TASK DETAILS -> Here are some records; quote them exactly, leaving out the pictures.
^^^^^^^^
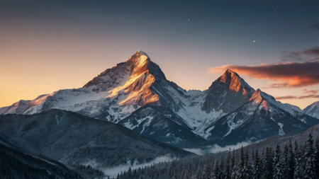 A high-quality winter landscape photo capturing a majestic snow-covered mountain range at sunset. The image features a harmonious blend of warm and cool tones, ideal for professional outdoor photography. Perfect for use in travel and nature-themed projects.
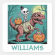 Personalised Halloween Skeleton Riding Dinosaur Square Sticker
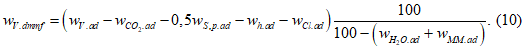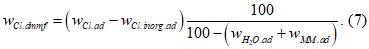 При пересчете содержания хлора с аналитического на сухое без минеральной массы состояние из полученной при анализе величины необходимо вычесть содержание неорганического хлора в соответствии с формулой:
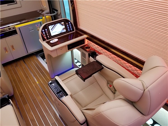 丰田考斯特在改装方面更加注重商务旅行中办公的实用性。车内的真皮航空座椅,电动调节装置可以让您自行调节最舒适的空间距离、靠背以及脚托的角度,特殊的座椅构造,增加腰部的支撑,宽敞的空间让您的双腿收放自如,忘却旅途的紧迫感,体验如家般的感觉,缓解您在行车旅途中的疲劳。丰田考斯特改装商务车内饰增加豪华高档办公桌以桃木及真皮为材料,打造最舒适高端使用的办公环境。
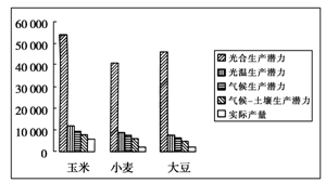本题解析:1.根据图示:该地区光合生产潜力最大,所以该区域的优势条件为光照资源;该地区光温生产潜力小,所以限制因素是热量。所以本题选择D选项。
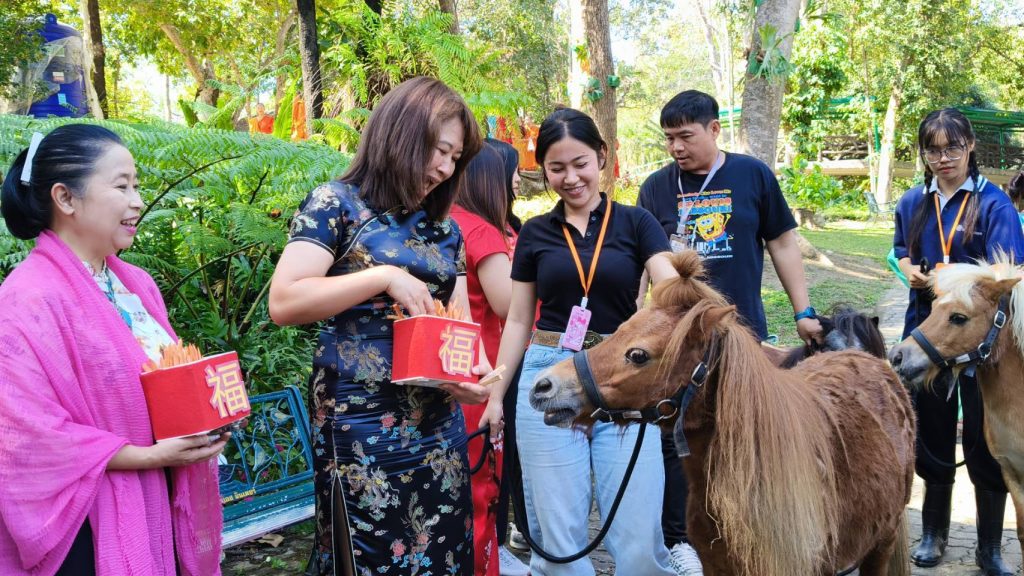สำหรับบรรยากาศเทศกาลตรุษจีน ประจำปีนักษัตรมะเมีย (ปีม้า) ระหว่างวันที่ 13 – 17 กุมภาพันธ์ 2569 ได้มีการจัดกิจกรรม ณ บริเวณสวนดอกไม้มิสเตอร์ยังก์ ไฮไลต์สำคัญคือการนำม้าแคระเชทแลนด์ออกมาเดินออกกำลังกายให้นักท่องเที่ยวได้สัมผัสอย่างใกล้ชิด พร้อมเปิดโอกาสให้ป้อนอาหาร “อั่งเปาตะกร้า” เพื่อเสริมสิริมงคลรับปีใหม่จีน รวมถึงมีการตกแต่งพื้นที่ด้วยบรรยากาศตรุษจีนและกิจกรรมสันทนาการ อาทิ การประดิษฐ์ถุงเงินหรรษา การวาดภาพด้วยน้ำตาล และการปาลูกดอก
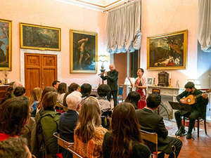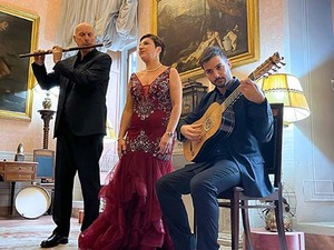 Our carefully curated repertoire takes our guests on an auditory exploration through Italy’s rich musical tradition, with compositions that resonate with the very essence of the country’s storied history. The evening’s performance, led by a sublime soprano whose voice is as captivating as the narratives woven into each aria, is complemented by the melodic whispers of a transverse flute and the resonant strumming of a baroque guitar. The deep, sonorous plucks of the theorbo add a layer of baroque richness, creating a multi-sensory tribute to the Italian masters of melody.
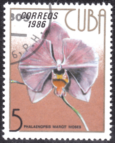 Eine weitere Marke aus der gleichen Serie aus Kuba zeigt eine Zuchthybride mit dem Namen Phalaenopsis margit moses.
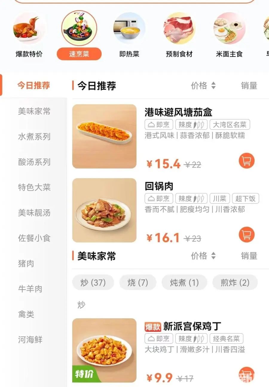 一款知名預制菜品牌小程序內,售賣各類預制菜產品
^^^^^^^^
ANSWER SPACE ->
 A high-quality winter landscape photo capturing a majestic snow-covered mountain range at sunset. The image features a harmonious blend of warm and cool tones, ideal for professional outdoor photography. Perfect for use in travel and nature-themed projects.
 Personalised Halloween Skeleton Riding Dinosaur Square Sticker
 При пересчете содержания хлора с аналитического на сухое без минеральной массы состояние из полученной при анализе величины необходимо вычесть содержание неорганического хлора в соответствии с формулой:
 丰田考斯特在改装方面更加注重商务旅行中办公的实用性。车内的真皮航空座椅,电动调节装置可以让您自行调节最舒适的空间距离、靠背以及脚托的角度,特殊的座椅构造,增加腰部的支撑,宽敞的空间让您的双腿收放自如,忘却旅途的紧迫感,体验如家般的感觉,缓解您在行车旅途中的疲劳。丰田考斯特改装商务车内饰增加豪华高档办公桌以桃木及真皮为材料,打造最舒适高端使用的办公环境。
本题解析:1.根据图示:该地区光合生产潜力最大,所以该区域的优势条件为光照资源;该地区光温生产潜力小,所以限制因素是热量。所以本题选择D选项。
สำหรับบรรยากาศเทศกาลตรุษจีน ประจำปีนักษัตรมะเมีย (ปีม้า) ระหว่างวันที่ 13 – 17 กุมภาพันธ์ 2569 ได้มีการจัดกิจกรรม ณ บริเวณสวนดอกไม้มิสเตอร์ยังก์ ไฮไลต์สำคัญคือการนำม้าแคระเชทแลนด์ออกมาเดินออกกำลังกายให้นักท่องเที่ยวได้สัมผัสอย่างใกล้ชิด พร้อมเปิดโอกาสให้ป้อนอาหาร “อั่งเปาตะกร้า” เพื่อเสริมสิริมงคลรับปีใหม่จีน รวมถึงมีการตกแต่งพื้นที่ด้วยบรรยากาศตรุษจีนและกิจกรรมสันทนาการ อาทิ การประดิษฐ์ถุงเงินหรรษา การวาดภาพด้วยน้ำตาล และการปาลูกดอก
 Our carefully curated repertoire takes our guests on an auditory exploration through Italy’s rich musical tradition, with compositions that resonate with the very essence of the country’s storied history. The evening’s performance, led by a sublime soprano whose voice is as captivating as the narratives woven into each aria, is complemented by the melodic whispers of a transverse flute and the resonant strumming of a baroque guitar. The deep, sonorous plucks of the theorbo add a layer of baroque richness, creating a multi-sensory tribute to the Italian masters of melody.
 Eine weitere Marke aus der gleichen Serie aus Kuba zeigt eine Zuchthybride mit dem Namen Phalaenopsis margit moses.
 一款知名預制菜品牌小程序內,售賣各類預制菜產品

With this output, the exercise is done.